Stream of Mercy Never Failing
1. Stream of Mercy never failing,
Here we stand and look to you.
Pour your presence now upon us.
Come and christen us anew.
You have named us all your people.
You have birthed us as your own.
You’ve restored us, wholly family,
In your Spirit flowing down.
2. Empty promises divide us.
Empty goals stand in our way.
We renounce the many “isms”
That turn “we” to “we and they.”
We acknowledge our involvement.
We have all dividers been.
Make us healers of division,
As your family we defend.
3. Keep us mindful of our oneness
In your water’s wide embrace.
Give us eyes to see our kinship
Everywhere in every face.
May we learn the way of Jesus,
Learn to challenge and to serve.
May we learn to live together,
Loving all without reserve.
4. Stream of Mercy, flow upon us
Come and green our wilted vines
We Are thirsting for your justice
Now your realm our only wine
Give us courage to be faithful
May we know we’re not alone
Give us joy in our reunion
With our siblings finally known.
Words and music by Bret Hesla.
© 2004 Bret Hesla. All rights reserved. Use with permission, please.

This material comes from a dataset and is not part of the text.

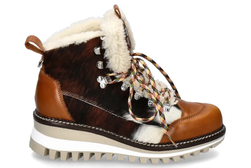 Die New Italia Shoes Boots ERIKA sind stilvolle, wintertaugliche Stiefel aus hochwertigem Rindsleder in Braun und Weiß, veredelt mit Rindshaar-Details für eine besondere Optik. Am Obermaterial setzen weiche Lammfell-Details zusätzliche Akzente, die nicht nur modisch, sondern auch wärmend sind. Die Schnürsenkel werden durch robuste, silberne Ösen geführt, während braune Glattlederdetails dem Design eine edle Note verleihen. Die sportive, profilierte Gummisohle bietet optimalen Halt auf verschiedenen Untergründen, ideal für winterliche Bedingungen. Innen sind die Boots mit einer Kombination aus wärmendem Webpelz, Lammfell und Schurwolle gefüttert, was für angenehmen Tragekomfort und hervorragende Isolation sorgt. Diese Boots vereinen Funktionalität und modischen Anspruch perfekt.

Licensed via OneLicense.net. Contact: Bret.firstname.lastname@example.org.
Anti-racism hymn. See also alt title: “Holy River Never Failing.“
Tune: “What a Friend We Have in Jesus.”
In the early 90s, I heard Joe Barndt of Crossroads (Chicago) give a talk on how, as Christians, we are all antiracist by the vows of our baptism. The gist of the talk was that God’s purpose in Christian faith is to reunite all people as one human family, to make us whole again. The two questions of baptism, “Do you confess the faith in which you are baptized?” and “Do you renounce the forces of evil…?” could be rephrased as “Do you believe you are being made a part of the restored family of God?” and “Do you promise to defend the restored family of God from anything that would break it up again?” When we say “Yes,” we vow to defend the family and resist all that would break it apart – racism, sexism, heterosexism, classism, ageism, militarism, nationalism, ableism. I hope this song helps further the work we all need to do – both as individuals and as communities– to become anti-racists.